**PROBLEM TO SOLVE**: The full listing, minus its pictures, should be printed again exactly as it stands.

**DATASET SECTION**:
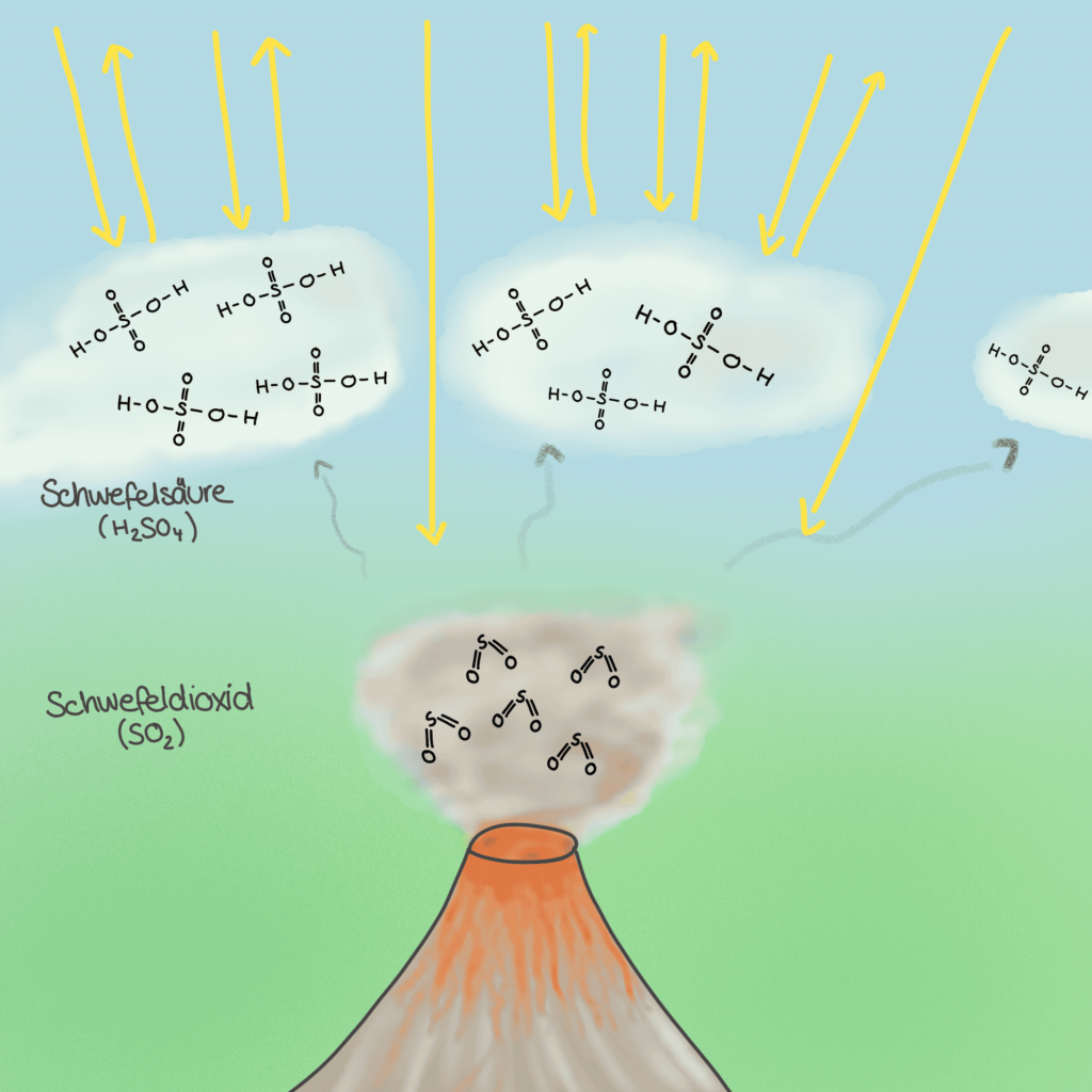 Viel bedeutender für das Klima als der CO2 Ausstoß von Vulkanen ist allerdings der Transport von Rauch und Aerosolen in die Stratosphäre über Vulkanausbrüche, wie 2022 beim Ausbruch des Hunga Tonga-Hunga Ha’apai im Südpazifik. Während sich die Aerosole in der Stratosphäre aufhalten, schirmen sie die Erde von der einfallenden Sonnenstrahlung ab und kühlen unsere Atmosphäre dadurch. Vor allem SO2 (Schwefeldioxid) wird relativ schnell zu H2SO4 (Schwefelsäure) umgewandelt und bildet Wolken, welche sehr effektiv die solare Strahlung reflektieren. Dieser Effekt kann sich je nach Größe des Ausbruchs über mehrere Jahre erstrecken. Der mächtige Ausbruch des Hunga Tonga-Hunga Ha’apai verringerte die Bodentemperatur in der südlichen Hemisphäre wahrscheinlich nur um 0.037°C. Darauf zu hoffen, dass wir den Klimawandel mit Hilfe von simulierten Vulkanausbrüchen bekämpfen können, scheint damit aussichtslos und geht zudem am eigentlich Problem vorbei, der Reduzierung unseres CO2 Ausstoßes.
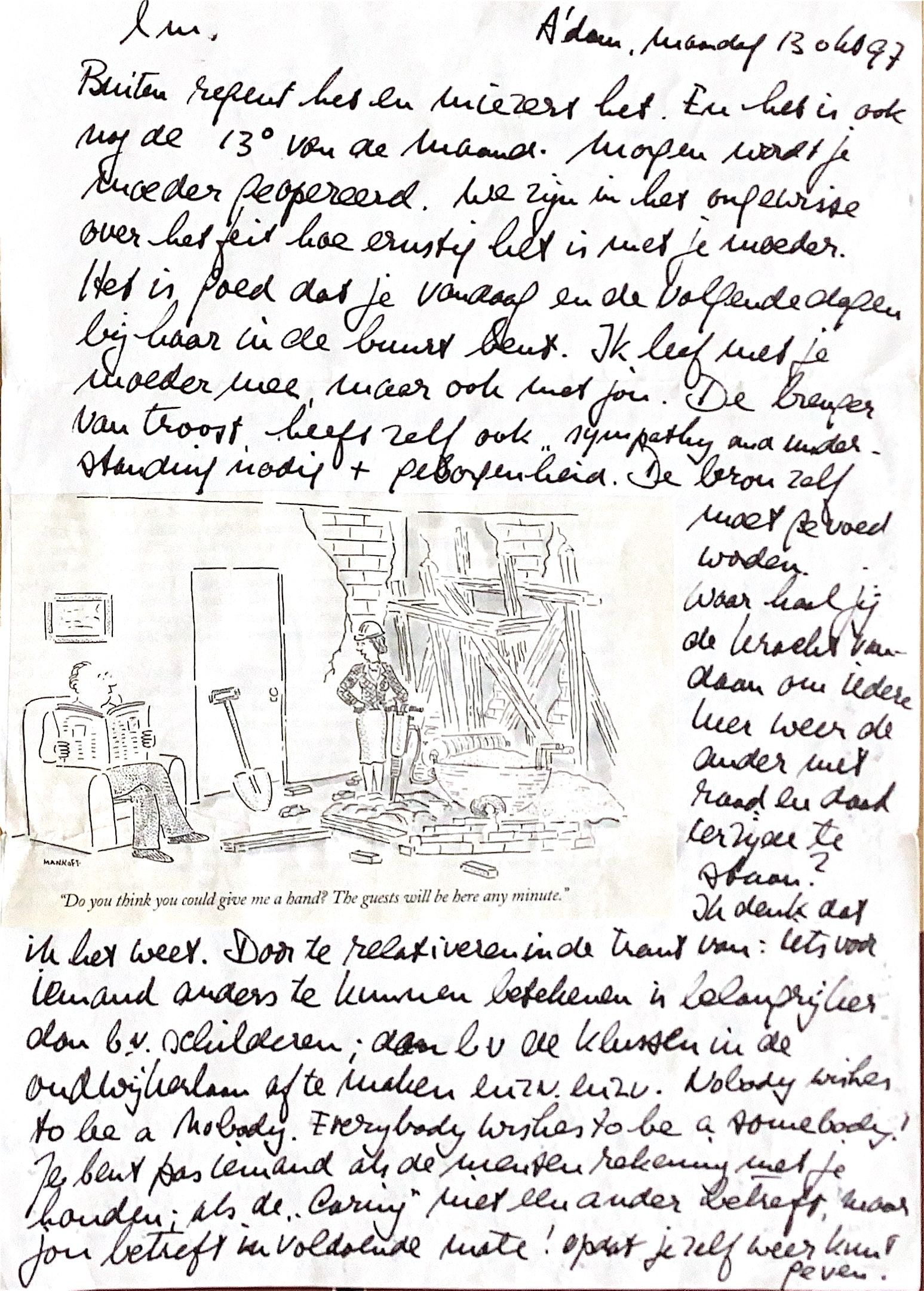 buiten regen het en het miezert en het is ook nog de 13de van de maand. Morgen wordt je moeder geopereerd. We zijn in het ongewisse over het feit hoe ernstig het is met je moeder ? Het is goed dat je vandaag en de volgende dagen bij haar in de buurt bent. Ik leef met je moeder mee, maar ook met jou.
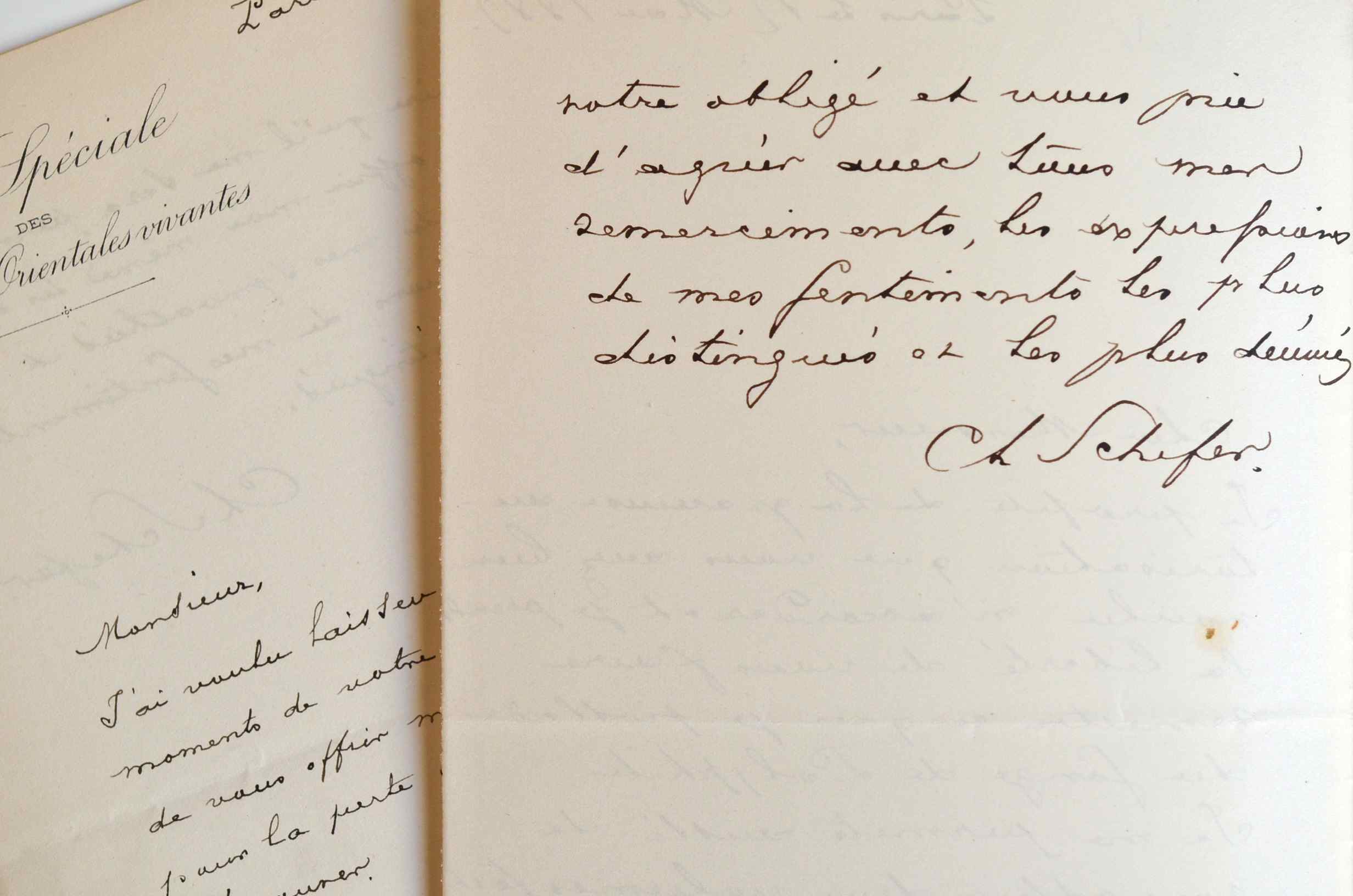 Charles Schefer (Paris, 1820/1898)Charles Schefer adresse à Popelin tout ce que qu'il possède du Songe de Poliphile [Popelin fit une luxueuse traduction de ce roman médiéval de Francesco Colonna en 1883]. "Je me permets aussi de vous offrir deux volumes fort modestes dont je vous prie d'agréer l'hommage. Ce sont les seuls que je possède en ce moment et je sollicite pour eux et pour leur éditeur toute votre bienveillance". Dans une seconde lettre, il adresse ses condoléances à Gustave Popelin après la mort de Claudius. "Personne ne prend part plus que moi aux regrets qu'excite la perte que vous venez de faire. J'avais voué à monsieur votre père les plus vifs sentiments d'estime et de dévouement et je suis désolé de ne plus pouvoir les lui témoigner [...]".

**OUTPUT FOR THIS TASK**:
 Viel bedeutender für das Klima als der CO2 Ausstoß von Vulkanen ist allerdings der Transport von Rauch und Aerosolen in die Stratosphäre über Vulkanausbrüche, wie 2022 beim Ausbruch des Hunga Tonga-Hunga Ha’apai im Südpazifik. Während sich die Aerosole in der Stratosphäre aufhalten, schirmen sie die Erde von der einfallenden Sonnenstrahlung ab und kühlen unsere Atmosphäre dadurch. Vor allem SO2 (Schwefeldioxid) wird relativ schnell zu H2SO4 (Schwefelsäure) umgewandelt und bildet Wolken, welche sehr effektiv die solare Strahlung reflektieren. Dieser Effekt kann sich je nach Größe des Ausbruchs über mehrere Jahre erstrecken. Der mächtige Ausbruch des Hunga Tonga-Hunga Ha’apai verringerte die Bodentemperatur in der südlichen Hemisphäre wahrscheinlich nur um 0.037°C. Darauf zu hoffen, dass wir den Klimawandel mit Hilfe von simulierten Vulkanausbrüchen bekämpfen können, scheint damit aussichtslos und geht zudem am eigentlich Problem vorbei, der Reduzierung unseres CO2 Ausstoßes.
 buiten regen het en het miezert en het is ook nog de 13de van de maand. Morgen wordt je moeder geopereerd. We zijn in het ongewisse over het feit hoe ernstig het is met je moeder ? Het is goed dat je vandaag en de volgende dagen bij haar in de buurt bent. Ik leef met je moeder mee, maar ook met jou.
 Charles Schefer (Paris, 1820/1898)Charles Schefer adresse à Popelin tout ce que qu'il possède du Songe de Poliphile [Popelin fit une luxueuse traduction de ce roman médiéval de Francesco Colonna en 1883]. "Je me permets aussi de vous offrir deux volumes fort modestes dont je vous prie d'agréer l'hommage. Ce sont les seuls que je possède en ce moment et je sollicite pour eux et pour leur éditeur toute votre bienveillance". Dans une seconde lettre, il adresse ses condoléances à Gustave Popelin après la mort de Claudius. "Personne ne prend part plus que moi aux regrets qu'excite la perte que vous venez de faire. J'avais voué à monsieur votre père les plus vifs sentiments d'estime et de dévouement et je suis désolé de ne plus pouvoir les lui témoigner [...]".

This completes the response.